Looking to the Futures

CBOE Volatility Futures return to mean

November 28, 2025 Quin B. Fields
CBOE Volatility Index continues to normalize after posting its 5th red day.

Historically there has been a trend of reduced volatility in the days leading up to a market holiday and in the days afterwards.  Traditional logic would argue that less liquidity during the surrounding holidays would lead to larger price swings, but the dataset observed on CBOE Volatility Index Futures (/VX) suggest otherwise.  Known as the “market holiday effect,” asymmetrical returns have been recorded on market indices on days leading up to Thanksgiving and other market holidays.  For example, since 2000 the S&P 500 has traded higher for the week just over 60% of the time with the highest weekly return of 4.12% in 2008 and the lowest weekly return of 2.55% in 2021. 

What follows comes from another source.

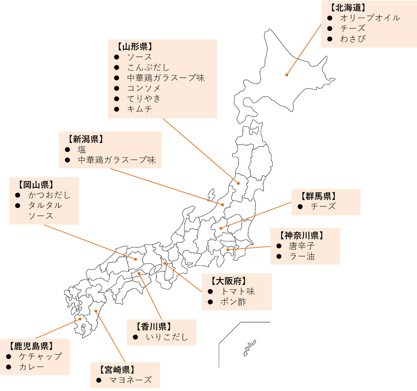 一方で、「岡山県(タルタルソース)」「神奈川県(唐辛子やラー油)」のように、地域の特産などとは関係なく、その都道府県の家庭料理として愛用されている調味料や味つけがあることも分かりました。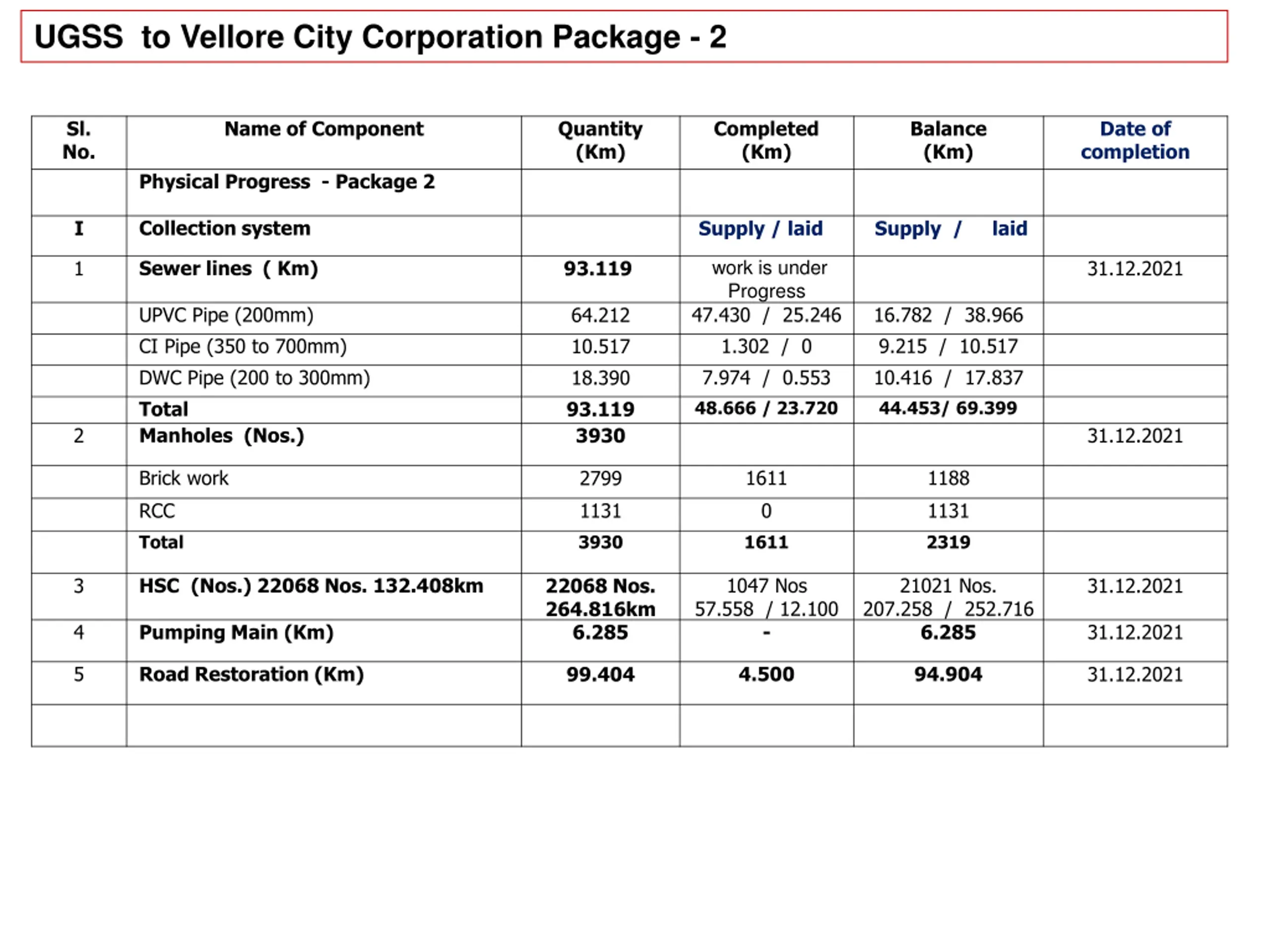UGSS to Vellore City Corporation Package - 2 Sl. No. Name of Component Quantity (Km) Completed (Km) Balance (Km) Date of completion Physical Progress - Package 2 Collection system I Supply / laid Supply / laid Sewer lines ( Km) work is under Progress 47.430 / 25.246 1.302 / 0 7.974 / 0.553 48.666 / 23.720 1 93.119 31.12.2021 UPVC Pipe (200mm) CI Pipe (350 to 700mm) DWC Pipe (200 to 300mm) Total Manholes (Nos.) 16.782 / 38.966 9.215 / 10.517 10.416 / 17.837 44.453/ 69.399 64.212 10.517 18.390 93.119 3930 2 31.12.2021 Brick work RCC 1611 0 1188 1131 2799 1131 Total 3930 1611 2319 HSC (Nos.) 22068 Nos. 132.408km 1047 Nos 57.558 / 12.100 - 21021 Nos. 207.258 / 252.716 6.285 3 22068 Nos. 264.816km 6.285 31.12.2021 4 Pumping Main (Km) 31.12.2021 5 Road Restoration (Km) 4.500 94.904 99.404 31.12.2021

With the return of scheduled publishing of economic data, investors and traders alike are also now able to gauge market sentiment with confidence again.  Black Friday and the broader Thanksgiving weekend sales are now emphasized in terms of consumer strength or weakness for the final part of the year. Data suggests that higher retail sales leads towards decreased volatility as investor confidence rises. 

This week from open until current the S&P 500 has risen roughly 3% while /VX futures have fallen roughly 13%. With the release of softer-than-expected initial jobless claims on Wednesday, there is speculation that the labor market is healthier than previously anticipated. This drastically shifted the probability percentages that the Federal Reserve and its Chairman Jerome Powell would have the data they need to confidently make a rate cut in 12 days. The CME FedWatch tool now sits at an 86.9% chance of a rate cut (target range of 350-375, or 25 basis points lower) at the next meeting when it was previously a coin flip. 

Technicals

It is important to remember that /VX futures do not operate fully on a technical basis and are priced based on the CBOE Volatility Index Formula which can be best described as the expected volatility of the S&P 500 going out roughly 30 days.  From a technical standpoint, we notice a double top with the second peak being a lower high from the first.  There has been a return to the mean as the 100-day SMA (simple moving average) is providing crucial support going back to October.  More importantly, both volume and open interest are on the decline which falls in line with season expectations around  trading holidays from a liquidity perspective.

CBOE Volatility Index (/VX) Chart

Contract Specifications

CBOE Volatility Index (/VX) contract specifications

Economic Calendar

9:45 am Chicago Business Barometer (PMI)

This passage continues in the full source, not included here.